Гомонящая орда сразу утихла и хоть не спустилась вниз, но стала двигаться за ними на приличном расстоянии.
Хороший ходок взобрался бы на пирамиду за четверть часа. Спокойно Катя и Лек преодолели бы этот путь за сорок минут. С помощью проводников они потратили почти час. Когда были на середине подъема, англичанин, уже спускаясь, пожелал им счастливого путешествия.
Вершина снизу и издали казалась острой, но когда Лек сильной рукой подтянул на нее Катю, она очутилась на просторной площадке, где свободно могло разместиться человек тридцать.
Один проводник, самый нахальный, подобравшись поближе, взялся было объяснять, что под ногами находится пирамида Хеопса, а там – Нил, а там – пустыня, но Лек таким взглядом окинул араба, что тот быстро скрылся с оскорбленным выражением на шоколадном лице.
Вид сверху был похож на вид с цитадели – та же необъятная желтая равнина. А сфинкса вдруг почему-то стало жалко. Он был не так впечатляющ отсюда, как снизу, – маленький, полузасыпанный, разрушающийся.
…В Красном море вода оказалась красновато-бурой лишь у берегов, а в середине розовела только на заре. Иногда виднелись убогие серые паруса арабских ладей.
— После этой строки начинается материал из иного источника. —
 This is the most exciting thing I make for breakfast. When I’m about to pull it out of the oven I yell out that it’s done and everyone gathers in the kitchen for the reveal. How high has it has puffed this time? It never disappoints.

Белыми фейерверками вспыхивали стаи спугнутых чаек. Покружив, они спускались на коричневые скалы, торчащие здесь и там на безлюдно-угрюмом берегу. Песок, тоже белый, наносило с пустыни в трещины скал, и казалось, что белые змейки сползали с обнаженных вершин по обрывистым склонам. А однажды, когда Катя любовалась грядой полупрозрачных облаков редкостной формы, похожих на страусиные перья, Лек тронул ее за руку: «Смотри!» – и прямо внизу она увидела остов погибшего корабля. Он зловеще чернел, наводя на грустные мысли: «Что здесь произошло? Авария? Нападение пиратов? Шторм?» В шторм не верилось – море спокойно мерцало зеленоватой чешуей. Лек успокоил жену:
– Если расстраиваться из-за каждого корабля их ведь тысячи, затонувших, – то останется ли время радоваться, строя новые? Нельзя быть такой впечатлительной, Катюша.
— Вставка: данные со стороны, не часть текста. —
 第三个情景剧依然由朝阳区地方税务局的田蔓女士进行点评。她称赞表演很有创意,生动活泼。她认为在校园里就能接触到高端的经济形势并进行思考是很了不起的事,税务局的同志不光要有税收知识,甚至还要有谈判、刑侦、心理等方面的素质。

Словно это от нее зависело.
И еще одна грустная встреча случилась на пустынном английском острове Перим в Баб-эль-Мандебском проливе.
Пароход вошел в узкую бухту, обращенную к Индийскому океану. По обе стороны тянулись плоские голые берега, усыпанные темными, опаленными солнцем камнями. Слева – засыпанная углем пристань, дом губернатора, телеграфная станция, казармы англичан; справа – высокие белые столбы – знаки для мореходов…
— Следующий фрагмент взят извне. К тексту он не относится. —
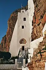 Le monastère est construit sur à flanc de falaise, à une altitude d'environ 300 mètres[6], grâce à quoi il est à l'abri des pirates et autres attaques ennemies. Le style du bâtiment du monastère est typique de l'architecture cycladique traditionnelle. Aujourd'hui, il est peint dans une couleur blanche typique, mais dans le passé, il était délibérément plus discret. Le bâtiment a une largeur d'environ 40 mètres et compte huit étages[6]. À l'intérieur, le monastère est un « labyrinthe » composé de petites pièces et d'escaliers étroits. Des arcs en ogive indiquent une influence latine, au cours de la période vénitienne[9].
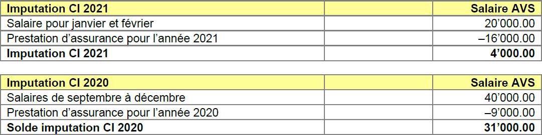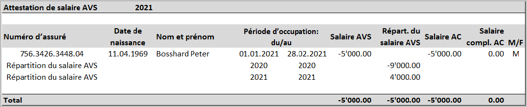 En raison de ce cas de figure, un salaire AVS négatif est transmis à la caisse de compensation à la fin de l’année. Une imputation négative sur le compte individuel (CI) de la personne concernée n’est pas possible et une répartition correcte des prestations d’assurance sur les années correspondantes ne peut être effectuée qu’après consultation de l’entreprise.

Все пассажиры вышли побродить по твердой земле. Вечерело. Жара спадала. От океана потянуло свежим ветерком, обещающим несколько часов прохлады.
Лек с Катей поднялись в гору по пологой тропинке и, очутившись на самом высоком гребне Перима, увидели, что остров этот – коралловый атолл с высохшей лагуной, а пролив, соединяющий когда-то ее с морем, и есть бухта. Восточный рукав Баб-эль-Мандеба терялся в сливающейся перспективе перимского и аравийского – в серых скалах – берегов. Западный же рукав был виден ясно, пока косые лучи солнца от дикого африканского берега не стали слепить глаза.
Белая тропинка, расчищенная среди черных валунов и редких кудрявых кустиков, вела Лека и Катю вниз к песчаному дну лагуны. Еще сверху Лек заметил небольшую площадку за каменным забором, и теперь они подошли к ограде, из-за которой выглядывали памятники и кресты христианского кладбища. С правой стороны дорожки гробницы были выше, наряднее, памятники, украшенные венками, с портретами англичан, почивших на своем посту, исчертаны трогательными эпитафиями. Слева – могилы поскромнее, беспризорнее. У самой ограды Катя увидела полуразрушенную гробницу в трещинах, с обломившимся углом и поваленным наземь крестом. «Анна Шерлинская» – лапидарно сообщала надпись. Катя печально задумалась: «Кем она была? Ганночкой из Варшавы или русской Анютой.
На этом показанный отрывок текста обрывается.